Segment Start: Recorded data
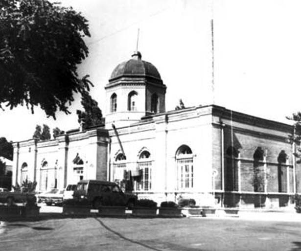 Tehran Radio Station 1960s
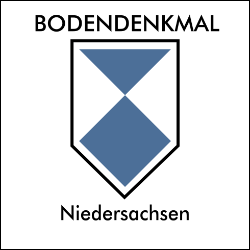 Heritage plate for ground monuments in Lower Saxony
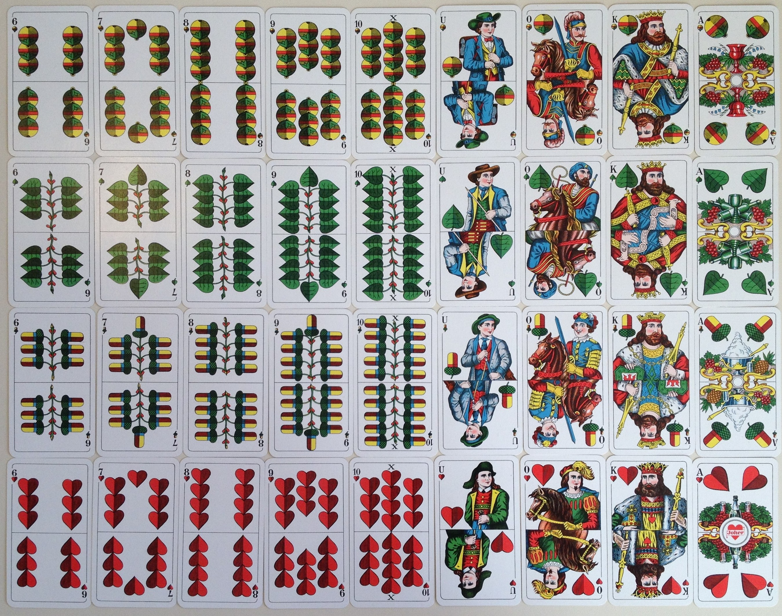 Deck of playing cards used to play Württembergischer Tarock. It uses the Württemberg pattern but in the older 36 card format which is no longer printed. This pattern is now only produced in the Binokel (Pinochle) format.
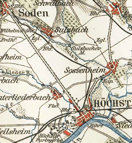 Frankfurt region, 1893: Soden railway. The short connection between Höchst, an old town with growing industry, and Soden, a spa quite fashionable among Europe's 19th-century upper class, was one of Germany's first minor rail lines.
Segment End: Recorded data
Restate word for word the lines beginning with the one that contains "Deck of playing" and ending with the last line of the listing; pictures stay out.

_Response to this exercise:_
 Deck of playing cards used to play Württembergischer Tarock. It uses the Württemberg pattern but in the older 36 card format which is no longer printed. This pattern is now only produced in the Binokel (Pinochle) format.
 Frankfurt region, 1893: Soden railway. The short connection between Höchst, an old town with growing industry, and Soden, a spa quite fashionable among Europe's 19th-century upper class, was one of Germany's first minor rail lines.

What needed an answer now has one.